En la sangrienta batalla de Curupaytí el impacto de un casco de granada
le destrozó la mano derecha a un ciudadano argentino alistado hacía unos
meses como voluntario. Evacuado a Corrientes, la amenaza de la gangrena
obligó a amputarle el brazo por encima del codo. Se trataba de un joven
dibujante y cronista de 26 años, teniente segundo del ejército, que se
llamaba Cándido López y, al igual que Macedonio Fernández, es tradición
citarlo por su nombre de pila. Menos de un año después cumplió su
promesa de enviarle al médico que le amputó el brazo un óleo suyo fruto
de una prodigiosa reeducación de su mano izquierda. Alrededor de 1870
empieza a pintar con su única mano inhábil los óleos sobre la guerra del
Paraguay -según los apuntes y bocetos a lápiz que había tomado in
situ-, que han de ocuparlo casi por entero hasta su muerte y que lo
convertirán en el artista americano más original del siglo XIX.

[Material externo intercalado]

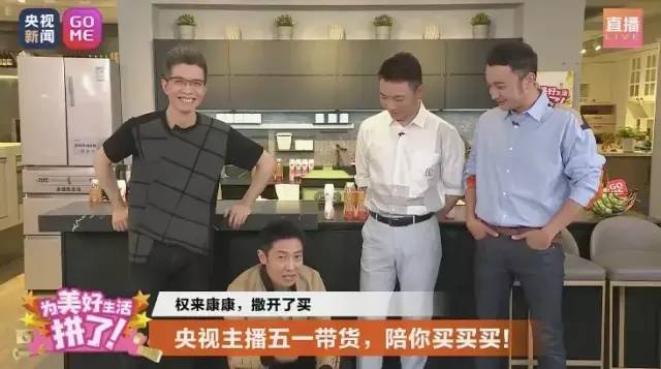 四位央视主播,康辉、撒贝宁、朱广权、尼格买提,3小时直播,1600万的观众,卖货5个亿。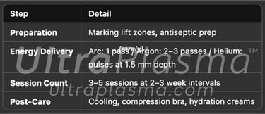Breast aesthetic and reconstructive procedures—especially those focused on volume restoration, contouring, and lifting—have traditionally relied on surgical interventions. However, non-invasive or minimally invasive approaches are gaining traction due to reduced morbidity, faster recovery, and improved tissue quality. UltraPlasma™, a multi-platform plasma technology integrating arc, argon, and helium plasma systems, enables layered, gas-mediated bioactivation of skin and subcutaneous tissues.

Cándido nace en Buenos Aires en 1840 y aquí estudia con Carlos Descalzo y
Baidasarre Verazzi. Viaja y reside en varios pueblos del interior
bonaerense trabajando en retratos al daguerrotipo hasta que se alista en
San Nicolás en el ejército. Al volver de la guerra se casa en Buenos
Aires con Emilia Magallanes, con quien tuvo doce hijos. Muere en 1902 y
es enterrado en el Panteón de los Guerreros del Paraguay, de cuyo
círculo fue socio fundador.
El “manco de Curupaytí” se automarginó del circuito de arte de su época y
sus debates, y su estilo, tildado tantas veces de naïf, nada tuvo en
común con los preceptos de moda entonces, ejemplificados en las obras de
Blanes, Sívori y Schiaffino. Las imágenes bélicas de Cándido obvian por
completo la construcción de próceres (tan cercana a la narrativa
mitrista) para poner en escena héroes anónimos, cientos de personajes
cuyas identidades no se amparan en ningún prohombre, sino por el
contrario desnudan las huellas de otra batalla, individual, en la cual
la materia primera fue su memoria sensible. La guerra de Cándido es,
ante todo, un combate que ocurrió dentro de su cerebro, y sus recuerdos
responden invariablemente a la cosa mentale que tanto propugnara
Leonardo da Vinci y los conceptualistas del siglo XX.
También, en Curupaytí perdió la vida Dominguito, hijo adoptivo de
Domingo F. Sarmiento. En 1944 se estrenó la película Su mejor alumno,
dirigida por Lucas Demare, guión de Ulises Petit de Murat y Homero
Manzi, y protagonizada por Enrique Muiño y Angel Magaña. Demare fue uno
de los directores más importantes de la cinematografía nacional, un
referente en la historia del cine, autor de La guerra gaucha, Pampa
bárbara, El viejo Hucha, Los isleros, El último perro, Hijo de hombre y
treinta títulos más. Según los especialistas y críticos, la escena de la
batalla donde en actitud heroica Dominguito pierde la vida -con 5.000
extras- no fue superada en la historia del cine épico nacional.